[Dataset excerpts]

*** Begin section ***

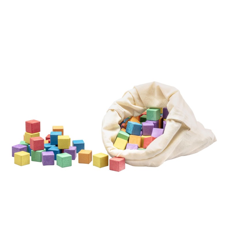 Set natuurlijke blokjes (kubussen) om geometrisch mee te bouwen.
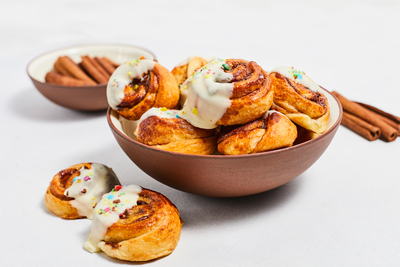 Mazas rauga mīklas maizītes, veidotas gliemezīša formā, pildījumā kanēlis ar cukuru, mērcētas baltā šokolādē, piešķirot jaunu garšas nianses.
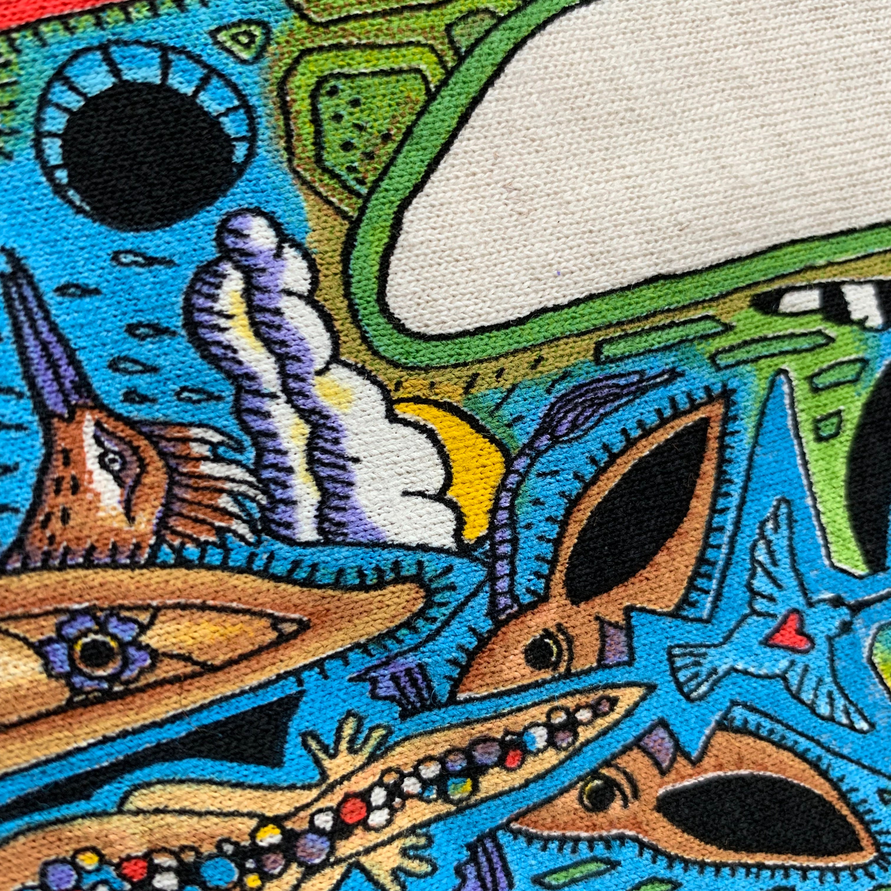 Before every piece, she researches the animal: its habitat, what threatens its survival, the delicate ecosystem keeping it alive. Then, working from the center outward, she hand-draws the interconnectedness – hidden animals, weather patterns, environmental symbols woven throughout each intricate design.
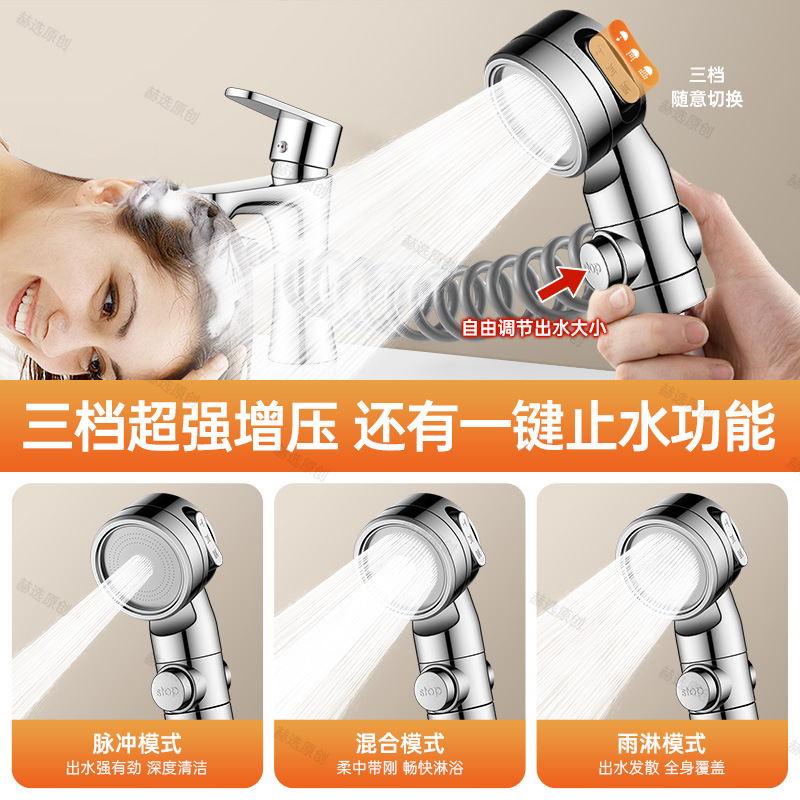 - 止水套装2【迷你花洒+全铜分水器+1.5米防爆软管+免打孔支架】
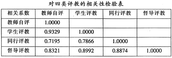 创新综合评价领域,开辟教学质量保障新途径所谓综合评价是指“对评价的评价”。教师教学效果评价的结果由学生评教、督导评教、同行评教、教师自评四部分组成,有时会出现仅凭感性认识的片面言论,使教师教学评价的结果偏离自身的期望值,不利于评价工作。本校以教师自评为基础,运用统计学中的相关性概念,分别求解学生评教、同行评教与督导评教的相关系数,通过对评价数据的再综合以理服人,同时,这种综合评价也促使原始评价数据的采集工作不断改进,保障了评价结果的科学、合理、有效,确保了教学评价工作健康有序的开展(见下表所示)。按照统计学理论,相关系数在0.3以下呈无相关性、0.3~0.5为低相关、0.5~0.8为显著相关、0.8以上为高度相关。以教师自评为基础,学生评教与教师自评的相关系数为0.9329,同行评教与教师自评的相关系数为0.7195,前者高于后者,充分说明在教学评价中学生评教的可信度。同行评教由于教师同行评教问卷调查表的小样本统计少于10份,因此存在一定程度的统计误差。这充分显示了综合评价的重要性与不可替代的作用,提高了教学评价的科学性与有效性,开辟了教学质量保障的新途径。除此之外,还可以通过统计学中的参数检验法、线性回归法、正态分布理论等多维度进行综合评价工作。

*** End section ***

- [EXERCISE DIRECTIONS] The expected output is every record above, copied exactly, without pictures.

- [ANSWER TO THE EXERCISE]
 Set natuurlijke blokjes (kubussen) om geometrisch mee te bouwen.
 Mazas rauga mīklas maizītes, veidotas gliemezīša formā, pildījumā kanēlis ar cukuru, mērcētas baltā šokolādē, piešķirot jaunu garšas nianses.
 Before every piece, she researches the animal: its habitat, what threatens its survival, the delicate ecosystem keeping it alive. Then, working from the center outward, she hand-draws the interconnectedness – hidden animals, weather patterns, environmental symbols woven throughout each intricate design.
 - 止水套装2【迷你花洒+全铜分水器+1.5米防爆软管+免打孔支架】
 创新综合评价领域,开辟教学质量保障新途径所谓综合评价是指“对评价的评价”。教师教学效果评价的结果由学生评教、督导评教、同行评教、教师自评四部分组成,有时会出现仅凭感性认识的片面言论,使教师教学评价的结果偏离自身的期望值,不利于评价工作。本校以教师自评为基础,运用统计学中的相关性概念,分别求解学生评教、同行评教与督导评教的相关系数,通过对评价数据的再综合以理服人,同时,这种综合评价也促使原始评价数据的采集工作不断改进,保障了评价结果的科学、合理、有效,确保了教学评价工作健康有序的开展(见下表所示)。按照统计学理论,相关系数在0.3以下呈无相关性、0.3~0.5为低相关、0.5~0.8为显著相关、0.8以上为高度相关。以教师自评为基础,学生评教与教师自评的相关系数为0.9329,同行评教与教师自评的相关系数为0.7195,前者高于后者,充分说明在教学评价中学生评教的可信度。同行评教由于教师同行评教问卷调查表的小样本统计少于10份,因此存在一定程度的统计误差。这充分显示了综合评价的重要性与不可替代的作用,提高了教学评价的科学性与有效性,开辟了教学质量保障的新途径。除此之外,还可以通过统计学中的参数检验法、线性回归法、正态分布理论等多维度进行综合评价工作。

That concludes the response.